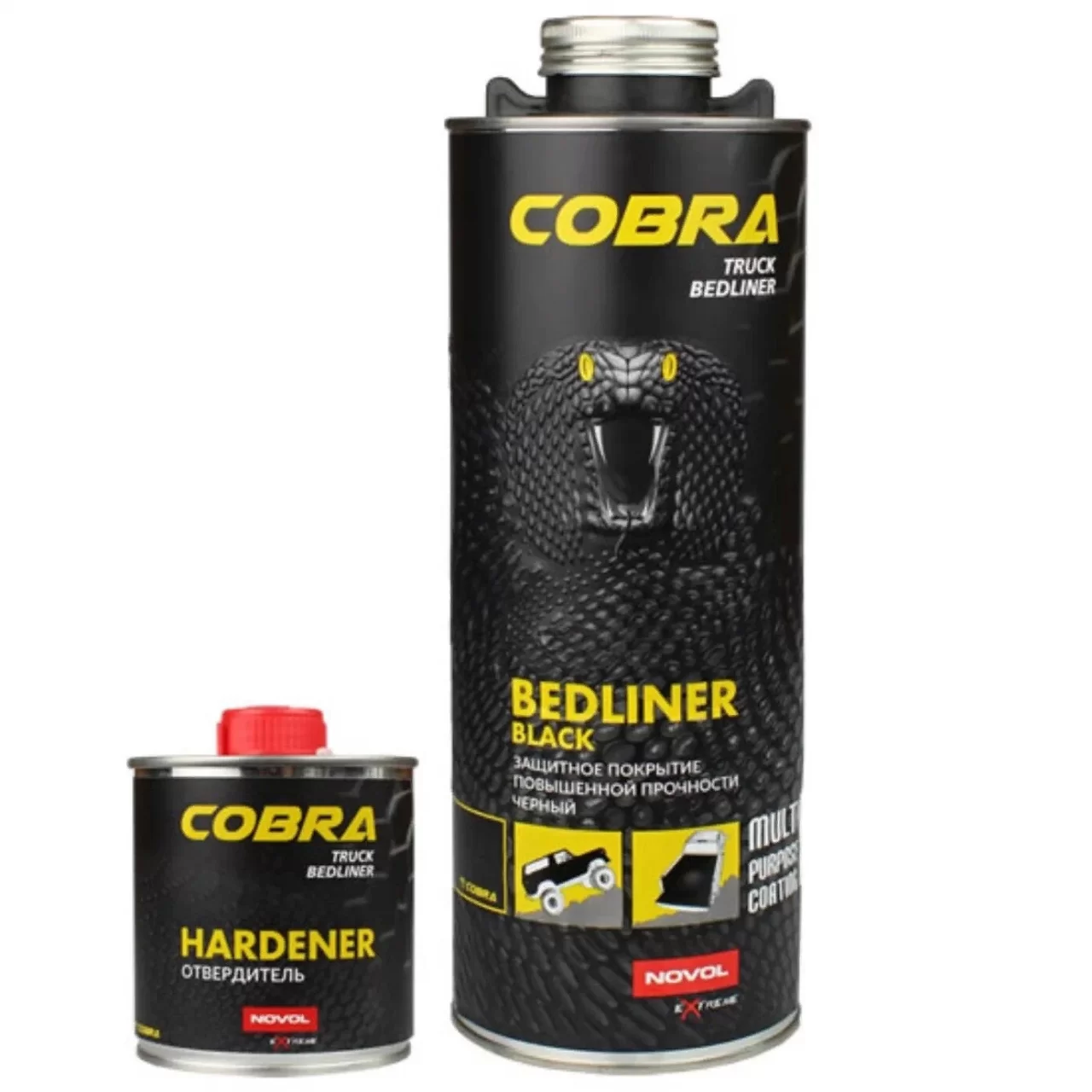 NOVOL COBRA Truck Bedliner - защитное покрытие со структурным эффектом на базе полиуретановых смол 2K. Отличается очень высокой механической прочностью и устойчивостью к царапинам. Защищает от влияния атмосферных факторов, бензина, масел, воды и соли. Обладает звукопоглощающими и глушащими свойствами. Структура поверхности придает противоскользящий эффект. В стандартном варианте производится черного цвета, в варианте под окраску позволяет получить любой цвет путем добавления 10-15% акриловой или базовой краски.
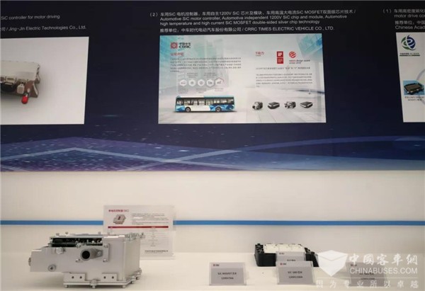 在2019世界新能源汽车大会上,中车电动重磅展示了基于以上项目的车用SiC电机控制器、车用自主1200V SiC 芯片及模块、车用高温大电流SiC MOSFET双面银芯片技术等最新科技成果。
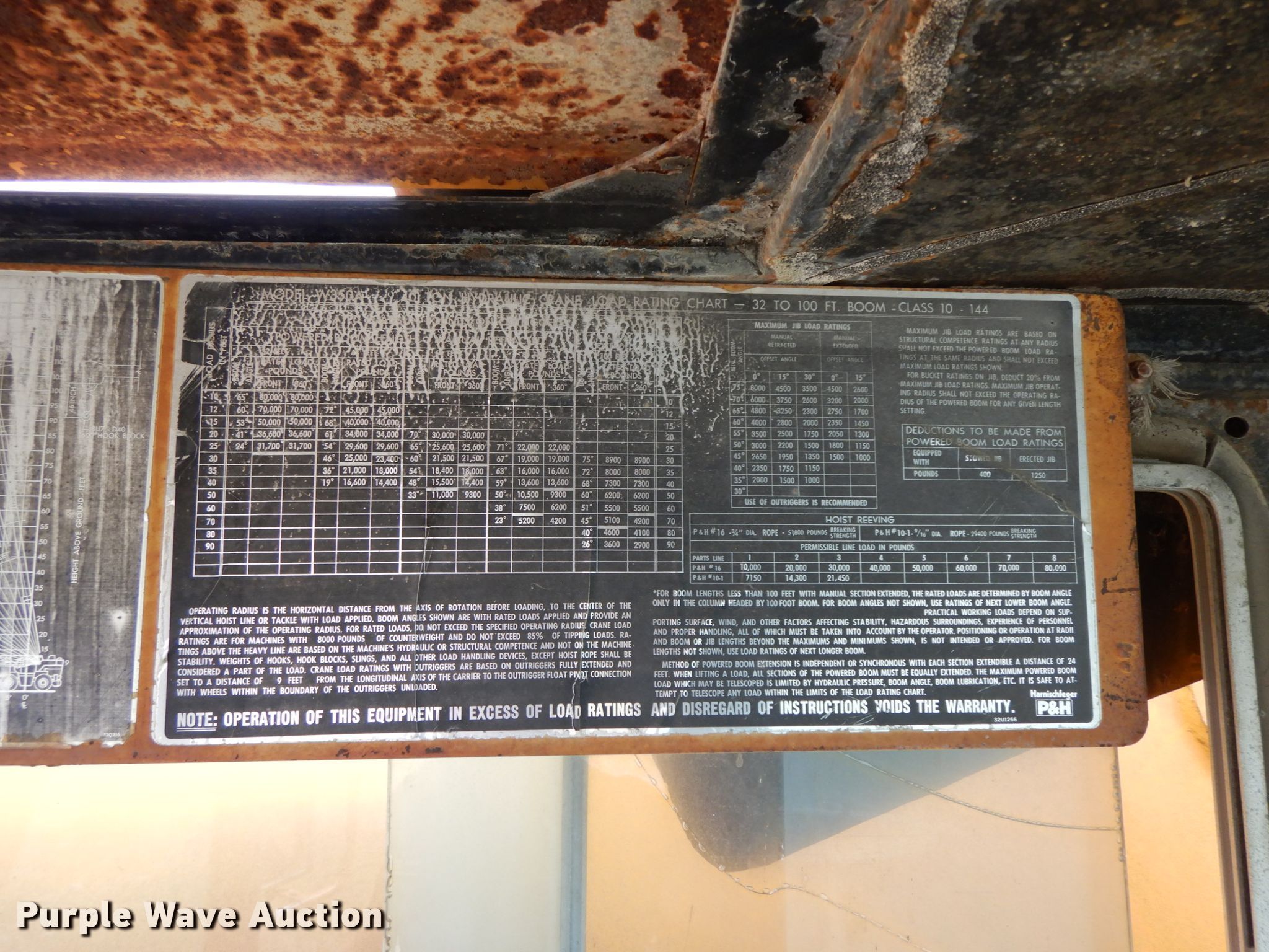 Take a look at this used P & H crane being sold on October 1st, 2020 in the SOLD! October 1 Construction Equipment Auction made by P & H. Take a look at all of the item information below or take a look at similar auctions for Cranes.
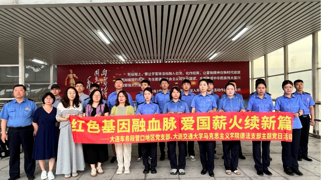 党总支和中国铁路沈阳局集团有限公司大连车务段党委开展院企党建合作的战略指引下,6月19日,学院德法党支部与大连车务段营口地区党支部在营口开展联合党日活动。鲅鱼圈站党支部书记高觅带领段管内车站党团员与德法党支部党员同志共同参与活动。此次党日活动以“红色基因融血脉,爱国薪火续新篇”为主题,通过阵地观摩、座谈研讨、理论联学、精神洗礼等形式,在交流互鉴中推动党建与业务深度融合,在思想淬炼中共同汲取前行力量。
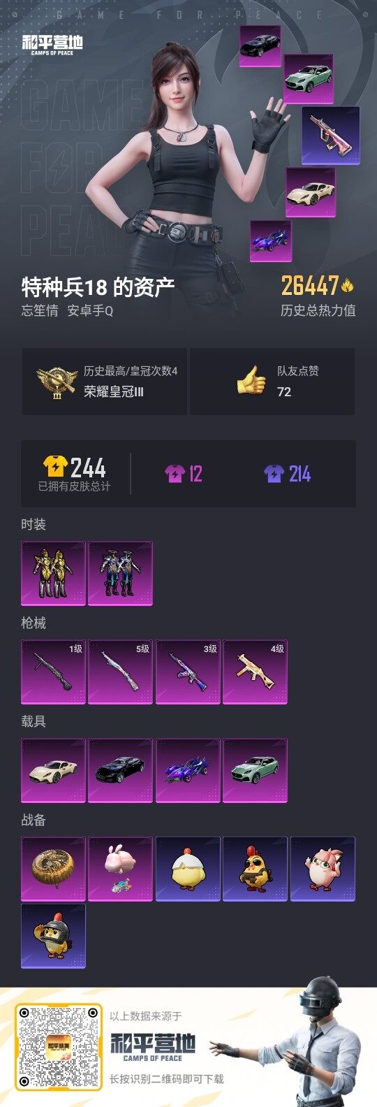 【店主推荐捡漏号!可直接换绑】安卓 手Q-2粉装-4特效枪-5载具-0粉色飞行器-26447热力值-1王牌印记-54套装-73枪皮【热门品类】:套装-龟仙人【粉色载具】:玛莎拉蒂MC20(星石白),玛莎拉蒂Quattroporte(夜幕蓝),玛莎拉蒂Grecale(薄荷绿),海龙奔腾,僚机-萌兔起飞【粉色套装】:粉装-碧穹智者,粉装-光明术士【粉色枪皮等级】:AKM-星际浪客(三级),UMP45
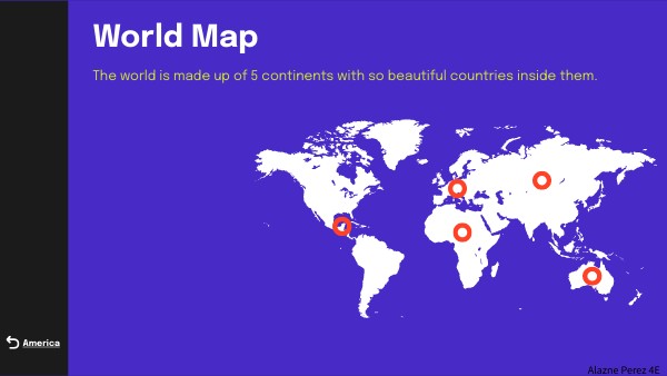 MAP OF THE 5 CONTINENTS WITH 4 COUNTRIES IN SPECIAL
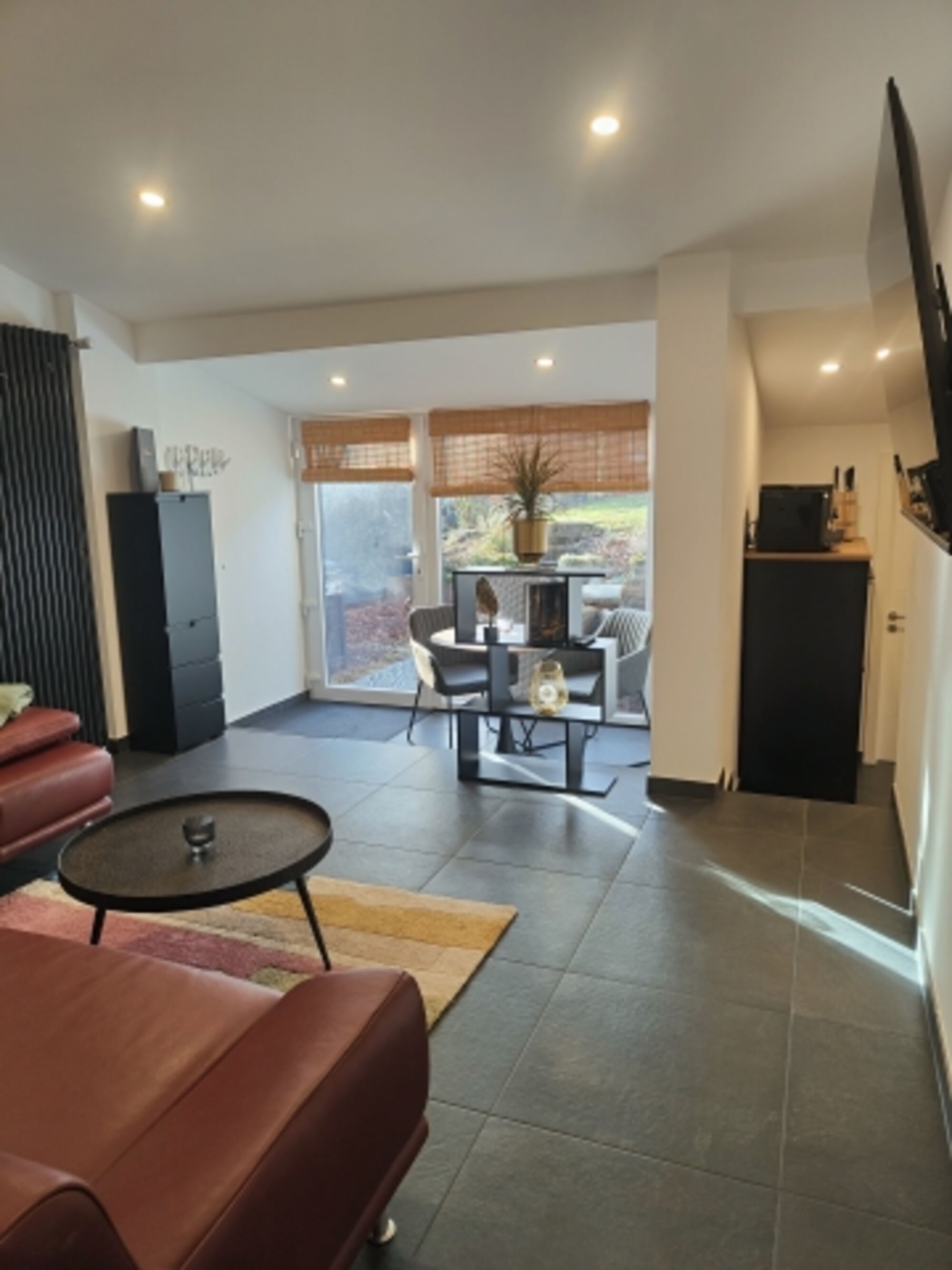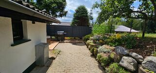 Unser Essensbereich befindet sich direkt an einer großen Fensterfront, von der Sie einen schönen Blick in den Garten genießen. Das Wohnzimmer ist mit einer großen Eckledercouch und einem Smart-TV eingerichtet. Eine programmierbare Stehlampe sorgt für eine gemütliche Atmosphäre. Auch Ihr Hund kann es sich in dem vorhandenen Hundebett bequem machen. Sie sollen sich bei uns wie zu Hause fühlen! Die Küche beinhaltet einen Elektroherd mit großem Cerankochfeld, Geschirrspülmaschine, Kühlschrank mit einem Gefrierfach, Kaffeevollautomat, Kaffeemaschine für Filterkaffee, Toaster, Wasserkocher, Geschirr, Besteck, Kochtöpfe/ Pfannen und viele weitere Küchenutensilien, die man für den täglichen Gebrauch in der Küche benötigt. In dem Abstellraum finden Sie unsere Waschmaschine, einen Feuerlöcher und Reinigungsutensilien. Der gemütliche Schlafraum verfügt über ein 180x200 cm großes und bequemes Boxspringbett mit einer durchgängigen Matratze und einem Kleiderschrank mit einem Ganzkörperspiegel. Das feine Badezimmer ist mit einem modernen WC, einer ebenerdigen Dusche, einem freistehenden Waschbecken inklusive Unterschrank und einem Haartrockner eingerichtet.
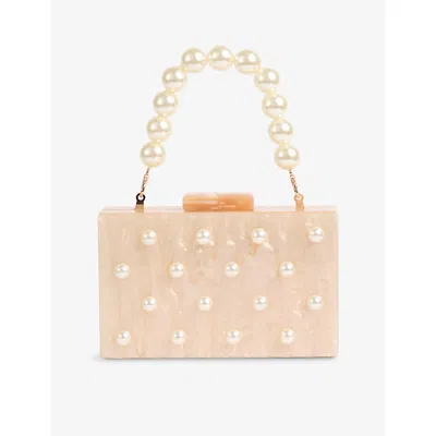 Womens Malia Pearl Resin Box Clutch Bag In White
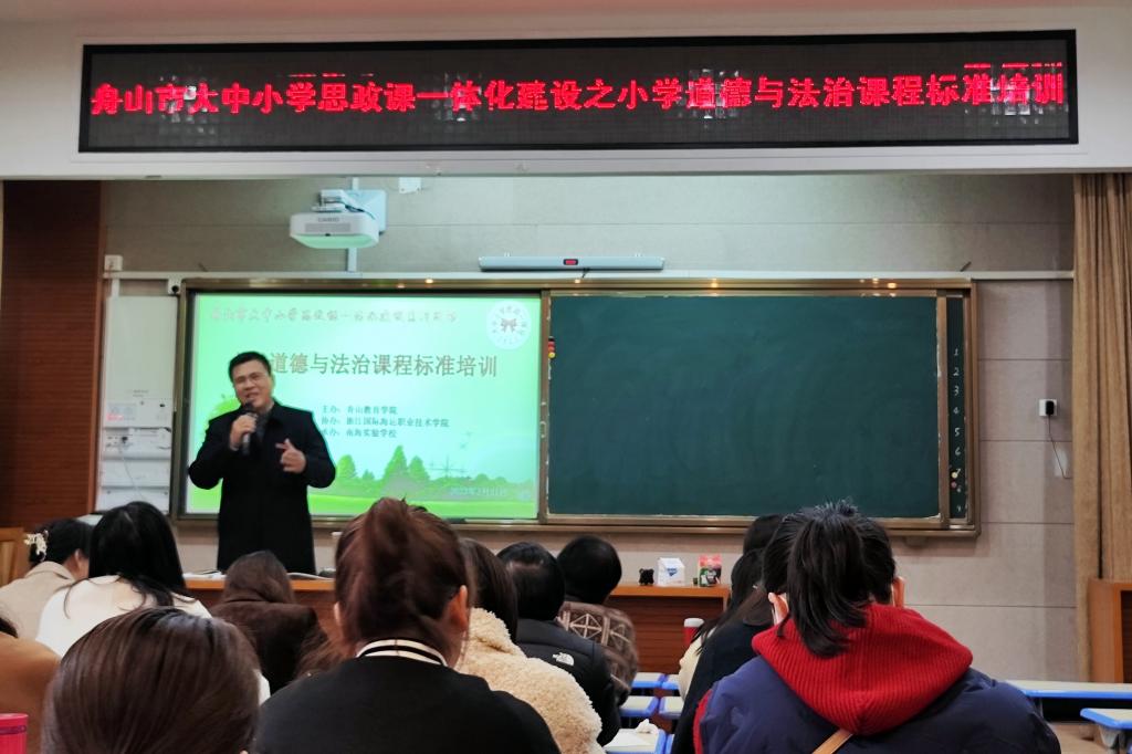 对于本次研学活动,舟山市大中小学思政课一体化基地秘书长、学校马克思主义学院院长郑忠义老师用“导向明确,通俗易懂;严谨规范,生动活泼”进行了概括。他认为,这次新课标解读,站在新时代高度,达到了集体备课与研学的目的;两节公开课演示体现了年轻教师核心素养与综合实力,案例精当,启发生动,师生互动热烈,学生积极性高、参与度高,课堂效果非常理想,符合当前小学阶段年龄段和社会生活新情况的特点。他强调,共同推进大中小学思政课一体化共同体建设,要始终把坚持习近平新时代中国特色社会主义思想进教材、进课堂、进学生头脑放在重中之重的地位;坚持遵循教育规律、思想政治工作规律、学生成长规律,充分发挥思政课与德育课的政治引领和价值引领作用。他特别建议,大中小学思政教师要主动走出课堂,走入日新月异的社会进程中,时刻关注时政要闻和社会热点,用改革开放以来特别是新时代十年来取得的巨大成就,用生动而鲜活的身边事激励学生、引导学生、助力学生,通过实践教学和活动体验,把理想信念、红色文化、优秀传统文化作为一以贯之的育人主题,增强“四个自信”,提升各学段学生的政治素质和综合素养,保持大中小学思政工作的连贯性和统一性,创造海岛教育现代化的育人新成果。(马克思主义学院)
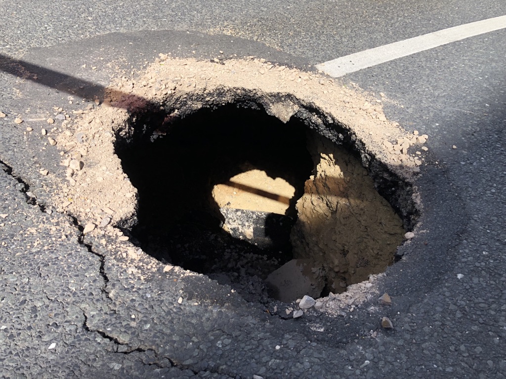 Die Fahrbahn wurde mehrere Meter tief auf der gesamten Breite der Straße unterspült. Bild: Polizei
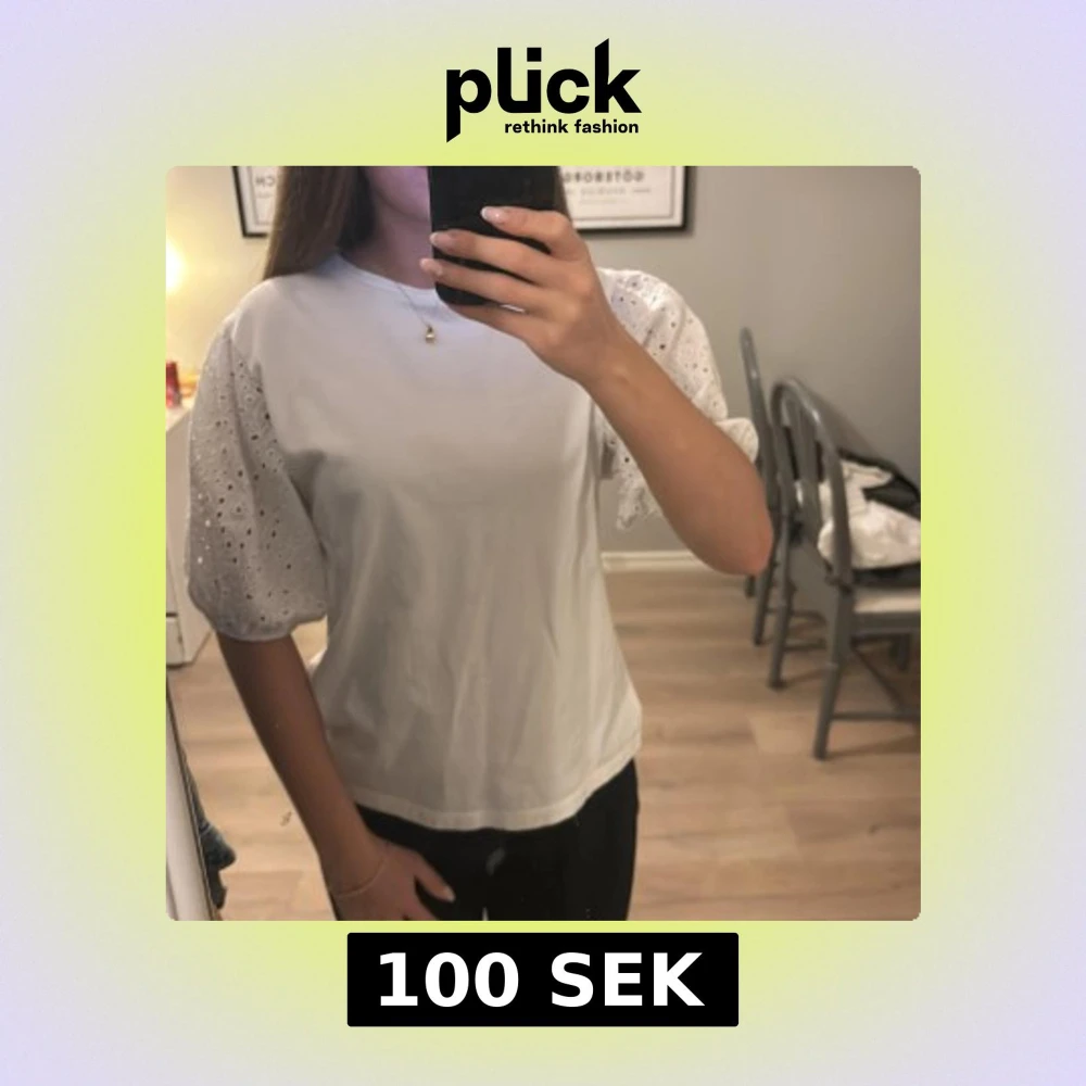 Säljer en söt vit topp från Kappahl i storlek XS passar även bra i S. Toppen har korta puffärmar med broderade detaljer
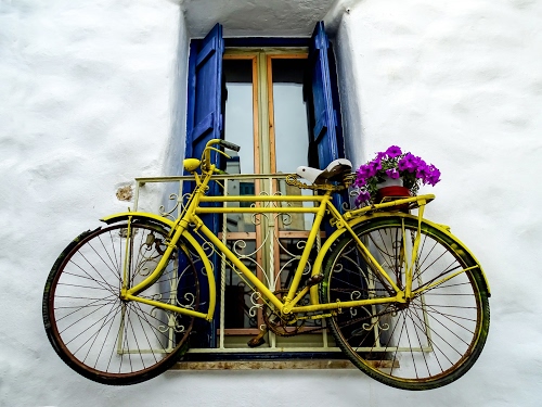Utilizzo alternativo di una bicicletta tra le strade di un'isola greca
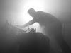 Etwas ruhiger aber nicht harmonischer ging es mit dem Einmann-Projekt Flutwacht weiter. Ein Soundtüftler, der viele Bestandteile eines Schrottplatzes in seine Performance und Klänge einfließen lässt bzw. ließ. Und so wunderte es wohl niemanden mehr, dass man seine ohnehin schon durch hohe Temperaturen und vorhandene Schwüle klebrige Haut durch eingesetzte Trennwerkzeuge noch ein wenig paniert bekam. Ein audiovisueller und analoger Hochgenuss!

◆ What the exercise asks:
Output each entry shown above exactly as it stands, with all pictures removed.

◆ Task result:
 NOVOL COBRA Truck Bedliner - защитное покрытие со структурным эффектом на базе полиуретановых смол 2K. Отличается очень высокой механической прочностью и устойчивостью к царапинам. Защищает от влияния атмосферных факторов, бензина, масел, воды и соли. Обладает звукопоглощающими и глушащими свойствами. Структура поверхности придает противоскользящий эффект. В стандартном варианте производится черного цвета, в варианте под окраску позволяет получить любой цвет путем добавления 10-15% акриловой или базовой краски.
 在2019世界新能源汽车大会上,中车电动重磅展示了基于以上项目的车用SiC电机控制器、车用自主1200V SiC 芯片及模块、车用高温大电流SiC MOSFET双面银芯片技术等最新科技成果。
 Take a look at this used P & H crane being sold on October 1st, 2020 in the SOLD! October 1 Construction Equipment Auction made by P & H. Take a look at all of the item information below or take a look at similar auctions for Cranes.
 党总支和中国铁路沈阳局集团有限公司大连车务段党委开展院企党建合作的战略指引下,6月19日,学院德法党支部与大连车务段营口地区党支部在营口开展联合党日活动。鲅鱼圈站党支部书记高觅带领段管内车站党团员与德法党支部党员同志共同参与活动。此次党日活动以“红色基因融血脉,爱国薪火续新篇”为主题,通过阵地观摩、座谈研讨、理论联学、精神洗礼等形式,在交流互鉴中推动党建与业务深度融合,在思想淬炼中共同汲取前行力量。
 【店主推荐捡漏号!可直接换绑】安卓 手Q-2粉装-4特效枪-5载具-0粉色飞行器-26447热力值-1王牌印记-54套装-73枪皮【热门品类】:套装-龟仙人【粉色载具】:玛莎拉蒂MC20(星石白),玛莎拉蒂Quattroporte(夜幕蓝),玛莎拉蒂Grecale(薄荷绿),海龙奔腾,僚机-萌兔起飞【粉色套装】:粉装-碧穹智者,粉装-光明术士【粉色枪皮等级】:AKM-星际浪客(三级),UMP45
 MAP OF THE 5 CONTINENTS WITH 4 COUNTRIES IN SPECIAL
 Unser Essensbereich befindet sich direkt an einer großen Fensterfront, von der Sie einen schönen Blick in den Garten genießen. Das Wohnzimmer ist mit einer großen Eckledercouch und einem Smart-TV eingerichtet. Eine programmierbare Stehlampe sorgt für eine gemütliche Atmosphäre. Auch Ihr Hund kann es sich in dem vorhandenen Hundebett bequem machen. Sie sollen sich bei uns wie zu Hause fühlen! Die Küche beinhaltet einen Elektroherd mit großem Cerankochfeld, Geschirrspülmaschine, Kühlschrank mit einem Gefrierfach, Kaffeevollautomat, Kaffeemaschine für Filterkaffee, Toaster, Wasserkocher, Geschirr, Besteck, Kochtöpfe/ Pfannen und viele weitere Küchenutensilien, die man für den täglichen Gebrauch in der Küche benötigt. In dem Abstellraum finden Sie unsere Waschmaschine, einen Feuerlöcher und Reinigungsutensilien. Der gemütliche Schlafraum verfügt über ein 180x200 cm großes und bequemes Boxspringbett mit einer durchgängigen Matratze und einem Kleiderschrank mit einem Ganzkörperspiegel. Das feine Badezimmer ist mit einem modernen WC, einer ebenerdigen Dusche, einem freistehenden Waschbecken inklusive Unterschrank und einem Haartrockner eingerichtet.
 Womens Malia Pearl Resin Box Clutch Bag In White
 对于本次研学活动,舟山市大中小学思政课一体化基地秘书长、学校马克思主义学院院长郑忠义老师用“导向明确,通俗易懂;严谨规范,生动活泼”进行了概括。他认为,这次新课标解读,站在新时代高度,达到了集体备课与研学的目的;两节公开课演示体现了年轻教师核心素养与综合实力,案例精当,启发生动,师生互动热烈,学生积极性高、参与度高,课堂效果非常理想,符合当前小学阶段年龄段和社会生活新情况的特点。他强调,共同推进大中小学思政课一体化共同体建设,要始终把坚持习近平新时代中国特色社会主义思想进教材、进课堂、进学生头脑放在重中之重的地位;坚持遵循教育规律、思想政治工作规律、学生成长规律,充分发挥思政课与德育课的政治引领和价值引领作用。他特别建议,大中小学思政教师要主动走出课堂,走入日新月异的社会进程中,时刻关注时政要闻和社会热点,用改革开放以来特别是新时代十年来取得的巨大成就,用生动而鲜活的身边事激励学生、引导学生、助力学生,通过实践教学和活动体验,把理想信念、红色文化、优秀传统文化作为一以贯之的育人主题,增强“四个自信”,提升各学段学生的政治素质和综合素养,保持大中小学思政工作的连贯性和统一性,创造海岛教育现代化的育人新成果。(马克思主义学院)
 Die Fahrbahn wurde mehrere Meter tief auf der gesamten Breite der Straße unterspült. Bild: Polizei
 Säljer en söt vit topp från Kappahl i storlek XS passar även bra i S. Toppen har korta puffärmar med broderade detaljer
Utilizzo alternativo di una bicicletta tra le strade di un'isola greca
 Etwas ruhiger aber nicht harmonischer ging es mit dem Einmann-Projekt Flutwacht weiter. Ein Soundtüftler, der viele Bestandteile eines Schrottplatzes in seine Performance und Klänge einfließen lässt bzw. ließ. Und so wunderte es wohl niemanden mehr, dass man seine ohnehin schon durch hohe Temperaturen und vorhandene Schwüle klebrige Haut durch eingesetzte Trennwerkzeuge noch ein wenig paniert bekam. Ein audiovisueller und analoger Hochgenuss!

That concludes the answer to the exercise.